DATASET:
* * *
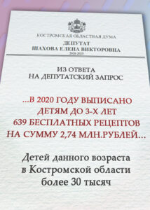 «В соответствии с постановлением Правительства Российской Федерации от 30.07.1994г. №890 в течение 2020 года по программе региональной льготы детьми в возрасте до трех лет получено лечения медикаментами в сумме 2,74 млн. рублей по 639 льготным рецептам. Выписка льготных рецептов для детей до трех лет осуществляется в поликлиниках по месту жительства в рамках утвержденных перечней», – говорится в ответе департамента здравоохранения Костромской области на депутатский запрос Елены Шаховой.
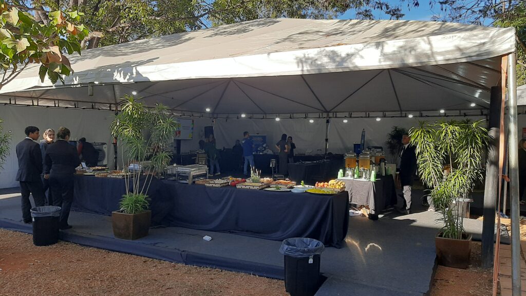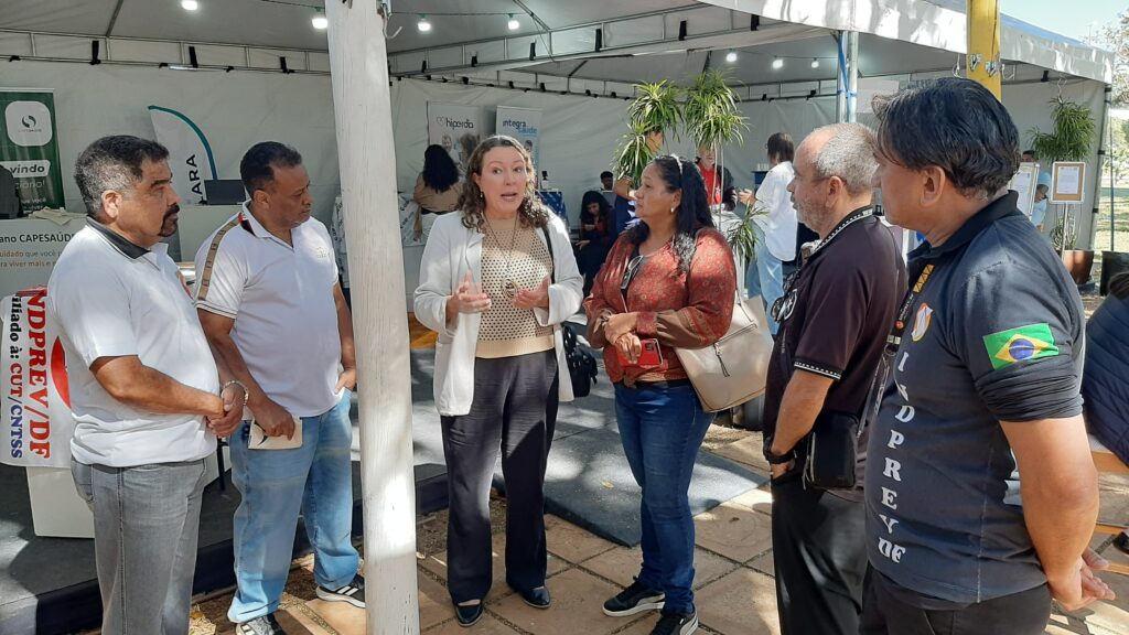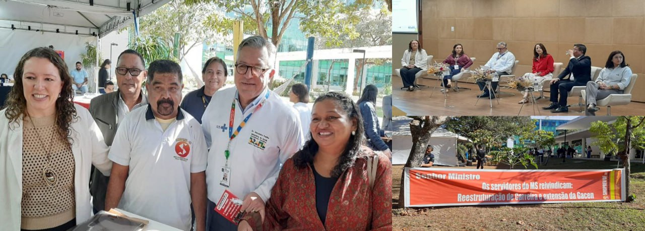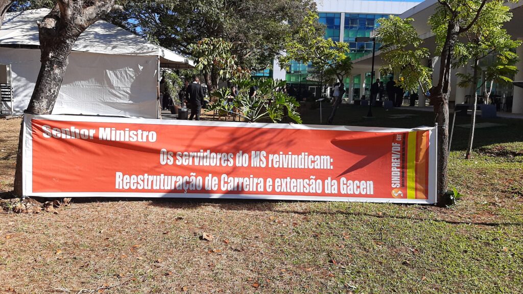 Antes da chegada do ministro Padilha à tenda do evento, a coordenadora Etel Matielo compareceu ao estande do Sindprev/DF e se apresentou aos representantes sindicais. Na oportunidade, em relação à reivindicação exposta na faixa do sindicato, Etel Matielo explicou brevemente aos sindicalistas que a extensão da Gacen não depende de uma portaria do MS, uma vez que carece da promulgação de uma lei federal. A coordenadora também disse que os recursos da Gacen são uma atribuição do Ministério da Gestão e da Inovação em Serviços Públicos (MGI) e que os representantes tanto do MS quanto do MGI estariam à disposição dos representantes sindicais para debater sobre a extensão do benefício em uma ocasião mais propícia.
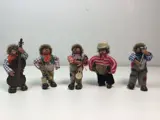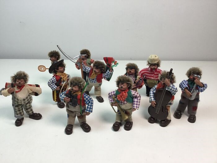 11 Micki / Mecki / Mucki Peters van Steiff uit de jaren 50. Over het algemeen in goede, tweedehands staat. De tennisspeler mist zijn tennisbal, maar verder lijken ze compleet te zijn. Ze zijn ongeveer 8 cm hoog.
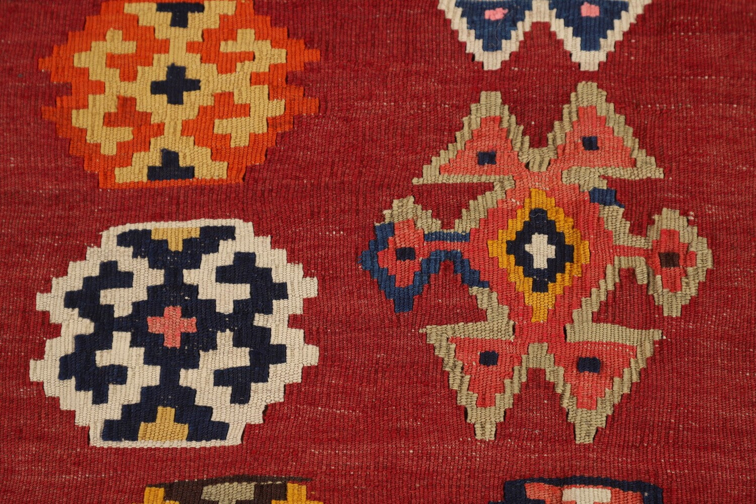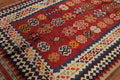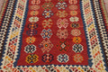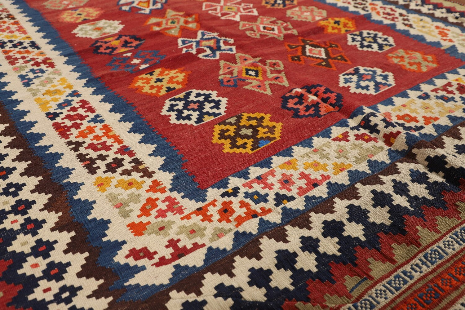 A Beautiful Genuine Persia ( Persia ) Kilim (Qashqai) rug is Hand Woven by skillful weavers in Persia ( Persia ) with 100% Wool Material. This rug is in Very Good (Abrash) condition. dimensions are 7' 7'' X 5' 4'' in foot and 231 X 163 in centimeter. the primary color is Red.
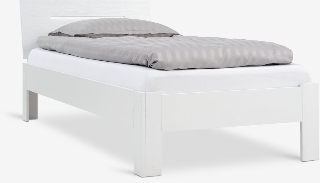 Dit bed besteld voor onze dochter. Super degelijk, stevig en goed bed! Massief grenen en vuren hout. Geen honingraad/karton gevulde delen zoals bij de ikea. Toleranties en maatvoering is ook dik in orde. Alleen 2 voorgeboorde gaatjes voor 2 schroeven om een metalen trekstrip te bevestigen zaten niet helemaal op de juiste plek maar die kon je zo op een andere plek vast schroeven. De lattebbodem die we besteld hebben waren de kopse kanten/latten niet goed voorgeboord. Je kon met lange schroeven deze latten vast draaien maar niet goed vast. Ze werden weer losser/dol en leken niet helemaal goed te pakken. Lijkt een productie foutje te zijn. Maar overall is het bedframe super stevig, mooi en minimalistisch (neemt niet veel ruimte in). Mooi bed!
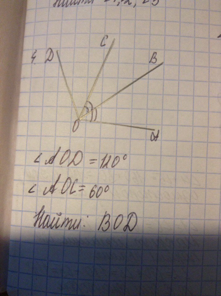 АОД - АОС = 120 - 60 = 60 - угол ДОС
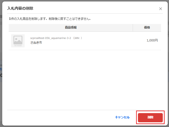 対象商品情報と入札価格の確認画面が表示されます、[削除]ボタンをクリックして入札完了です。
* * *
Could you transcribe exactly the lines from the line containing "АОД - АОС = 120 - 60 = 60 - угол ДОС" through the final line of the records, both included, and nothing beyond them? The pictures should be left out.

PROBLEM SOLUTION:
 АОД - АОС = 120 - 60 = 60 - угол ДОС
 対象商品情報と入札価格の確認画面が表示されます、[削除]ボタンをクリックして入札完了です。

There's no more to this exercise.